Die australische Aufsichtsbehörde für Heilberufe muss für die verzögerte Risikobehandlung Verantwortung übernehmen: Sie hatte zuvor bereits Beschwerden gegen den Gynäkologen Simon Gordon erhalten, überprüfte alte Beschwerden, leitete neue Untersuchungen ein und ließ unabhängige medizinische Sachverständige Tausende von Krankenakten und Dokumente sichten – doch all dies geschah erst in diesem Jahr.

Die Australian Broadcasting Corporation (ABC) enthüllte, dass mehrere Frauen Gordon vorwerfen, unter dem Vorwand schwerer Endometriose unnötige Gewebe- oder Organentfernungen vorgenommen zu haben, während die pathologische Untersuchung nur geringe Krankheitsanzeichen feststellte. Gordon weist diese Vorwürfe zurück und beharrt darauf, dass seine Behandlungen ethisch vertretbar und am Patientenwohl ausgerichtet gewesen seien; der Bericht legt nicht dar, wie die Aufsichtsbehörde jede einzelne frühere Beschwerde behandelt hat, und liefert auch keine Angaben zur Zahl der Patientinnen, zur Anzahl der Eingriffe oder zu vollständigen medizinischen Beweisen.

Doch bereits der zeitliche Ablauf der Aufsicht offenbart ein Machtungleichgewicht. Ärzte und medizinische Einrichtungen verfügen über fachliche Beurteilung, Krankenakten und Verfahrensressourcen; Patientinnen können Einwände oft erst vorbringen, nachdem ihr Körper irreversible Schäden erlitten hat. Wenn die Aufsicht in der Phase der ersten Beschwerden keine hinreichend tiefgehende Risikoerkennung leistet, trägt die Kosten nicht die Behörde, sondern sie fallen auf die operierten Frauen. Dass nun Tausende von Dokumenten gesichtet werden, zeigt, dass der Fall eine umfangreiche fachliche Prüfung erfordert; dies unterstreicht umso mehr, warum der Umgang mit früheren Beschwerden nicht als Nebensache abgetan werden darf.

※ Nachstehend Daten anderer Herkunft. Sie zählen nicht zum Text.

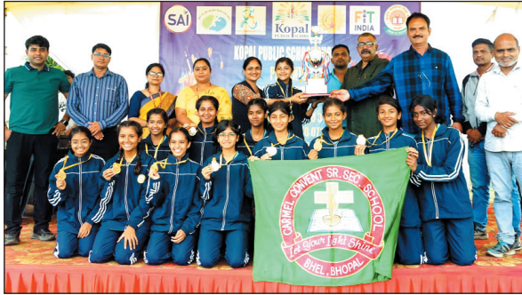
Bhopal: Carmel Convent Sr. Sec. School, BHEL, Bhopal, has made the city of Bhopal proud by clinching the Under-19 Kho-Kho Championship at the CBSE Cluster Level Competitions. With this remarkable

Die Polizei von Victoria hat die Bewertung der weitergeleiteten Unterlagen abgeschlossen und erklärt, dass sie auf Grundlage der erhaltenen Informationen die Ermittlungen vorerst nicht fortsetzen könne. Diese Entscheidung stellt keine fachliche Beurteilung des medizinischen Handelns dar und kann die Aufsichtsverantwortung erst recht nicht ersetzen. Die australische Ärztekammer hat die Vorwürfe gegen Gordon wegen mutmaßlichen beruflichen Fehlverhaltens an das Zivil- und Schiedsgericht von Victoria (Victorian Civil and Administrative Tribunal) überwiesen; das entsprechende Verfahren ist noch im Gange.

Im Kern dieses Falls geht es nicht allein darum, ob ein bestimmter Arzt letztlich Verantwortung trägt, sondern darum, warum die medizinische Aufsicht erst dann eine umfassendere Überprüfung alter Beschwerden vornimmt, wenn mediale Recherchen den Streit in die Öffentlichkeit tragen. Ein System, das auf nachträgliche Schadensbegrenzung nach der Enthüllung setzt, belohnt institutionelles Schweigen und zwingt Patientinnen dazu, mit gesundheitlichen Schäden die Aufmerksamkeit der Aufsicht zu erkaufen. Wie das Schiedsgericht die Fakten letztlich feststellen wird, bleibt der weiteren Verfahrensprüfung vorbehalten; doch der Umgang der Aufsichtsbehörde mit den bestehenden Beschwerden muss Teil der Verantwortungsprüfung sein.